Assignment:
The entries below contain pictures. Write out only the lines from the line with "Organisations I’have worked" up to and including the line with "此次比赛采用小组循环赛进行。", exactly, without them.

BEGIN Data for analysis

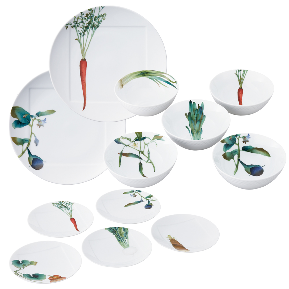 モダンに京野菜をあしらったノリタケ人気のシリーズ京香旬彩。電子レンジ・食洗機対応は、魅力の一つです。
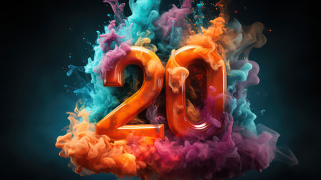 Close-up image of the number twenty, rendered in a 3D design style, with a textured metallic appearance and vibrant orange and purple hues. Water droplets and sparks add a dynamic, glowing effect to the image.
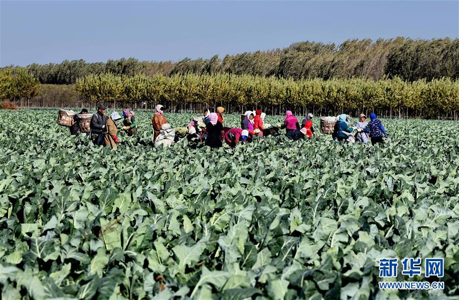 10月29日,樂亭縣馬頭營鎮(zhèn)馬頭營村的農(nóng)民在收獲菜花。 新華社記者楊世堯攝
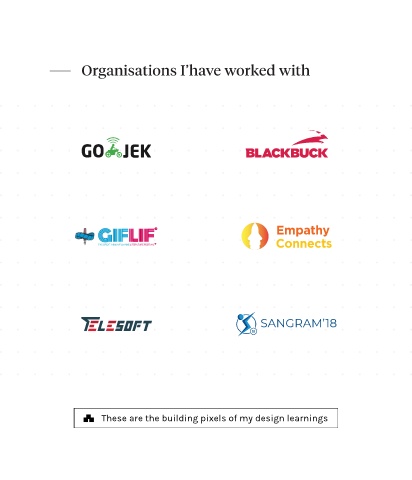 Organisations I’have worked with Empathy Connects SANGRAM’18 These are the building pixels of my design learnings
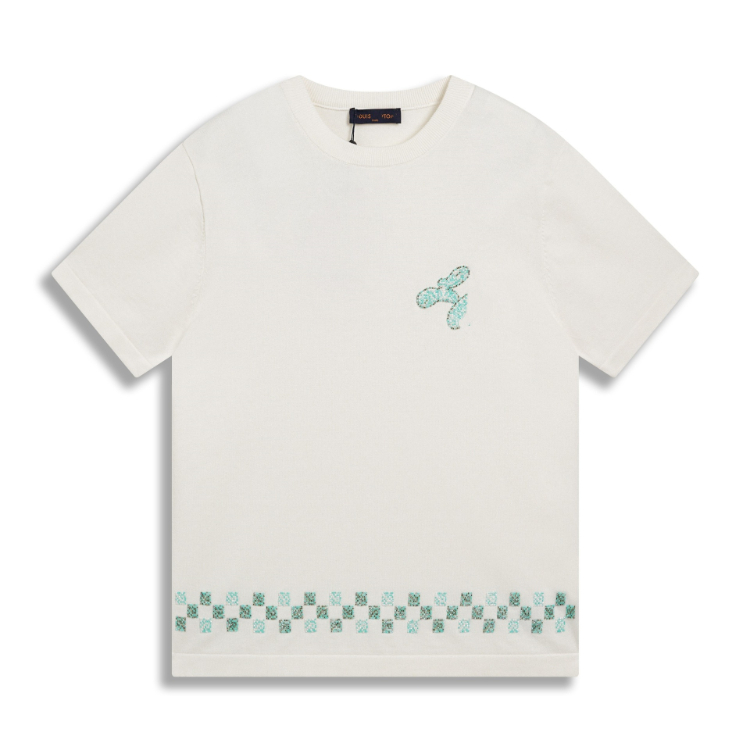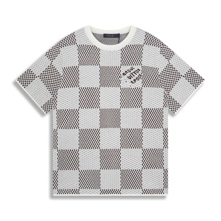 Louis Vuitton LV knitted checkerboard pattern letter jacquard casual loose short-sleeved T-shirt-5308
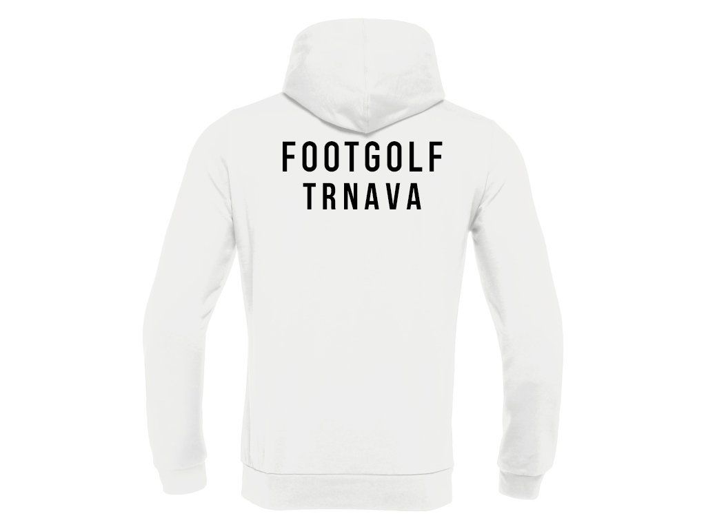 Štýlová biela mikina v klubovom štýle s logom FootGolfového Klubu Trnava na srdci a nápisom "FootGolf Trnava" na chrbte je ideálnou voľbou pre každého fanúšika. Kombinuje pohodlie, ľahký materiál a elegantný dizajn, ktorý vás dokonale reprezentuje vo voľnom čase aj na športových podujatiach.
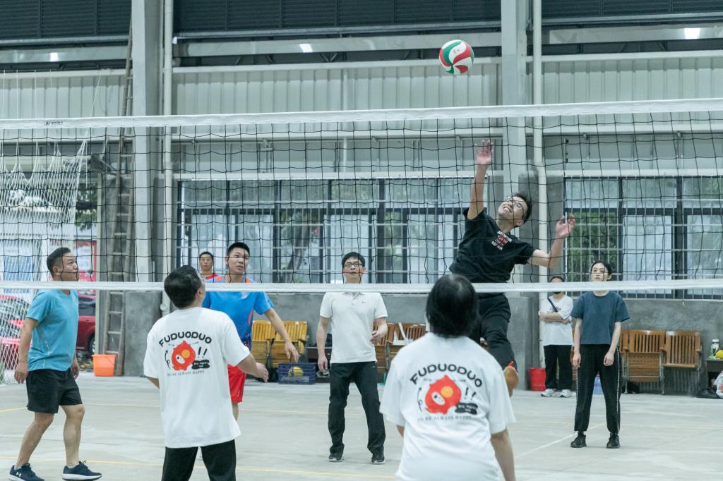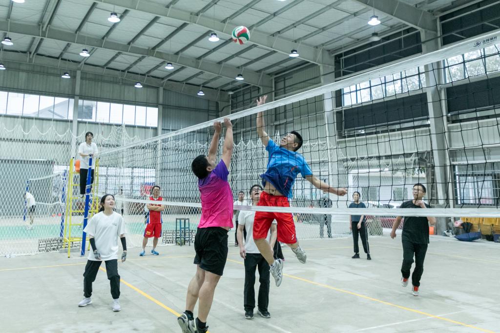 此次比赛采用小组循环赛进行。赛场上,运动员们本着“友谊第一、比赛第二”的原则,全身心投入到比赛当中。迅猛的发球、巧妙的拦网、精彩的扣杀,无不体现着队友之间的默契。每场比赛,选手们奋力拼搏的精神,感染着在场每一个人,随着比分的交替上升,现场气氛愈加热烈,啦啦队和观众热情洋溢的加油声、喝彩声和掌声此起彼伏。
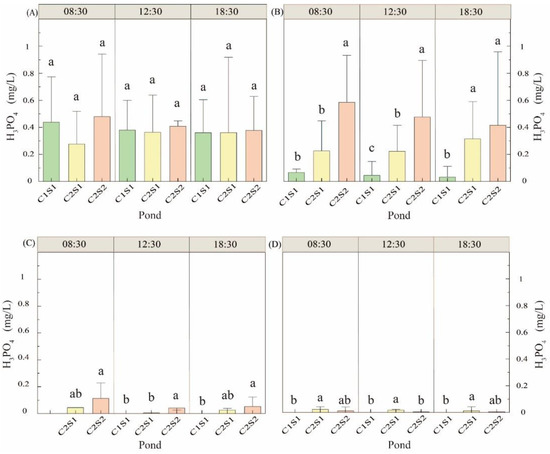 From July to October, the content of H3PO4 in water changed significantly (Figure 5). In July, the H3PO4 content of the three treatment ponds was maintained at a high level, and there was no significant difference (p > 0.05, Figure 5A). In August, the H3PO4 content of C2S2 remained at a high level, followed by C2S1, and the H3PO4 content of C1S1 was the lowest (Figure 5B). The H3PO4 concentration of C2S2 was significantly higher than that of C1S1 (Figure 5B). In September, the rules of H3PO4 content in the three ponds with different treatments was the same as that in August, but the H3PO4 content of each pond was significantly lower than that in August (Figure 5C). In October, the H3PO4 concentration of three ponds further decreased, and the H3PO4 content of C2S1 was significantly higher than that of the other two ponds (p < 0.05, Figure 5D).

END Data for analysis

Your solution:
 Organisations I’have worked with Empathy Connects SANGRAM’18 These are the building pixels of my design learnings
 Louis Vuitton LV knitted checkerboard pattern letter jacquard casual loose short-sleeved T-shirt-5308
 Štýlová biela mikina v klubovom štýle s logom FootGolfového Klubu Trnava na srdci a nápisom "FootGolf Trnava" na chrbte je ideálnou voľbou pre každého fanúšika. Kombinuje pohodlie, ľahký materiál a elegantný dizajn, ktorý vás dokonale reprezentuje vo voľnom čase aj na športových podujatiach.
 此次比赛采用小组循环赛进行。赛场上,运动员们本着“友谊第一、比赛第二”的原则,全身心投入到比赛当中。迅猛的发球、巧妙的拦网、精彩的扣杀,无不体现着队友之间的默契。每场比赛,选手们奋力拼搏的精神,感染着在场每一个人,随着比分的交替上升,现场气氛愈加热烈,啦啦队和观众热情洋溢的加油声、喝彩声和掌声此起彼伏。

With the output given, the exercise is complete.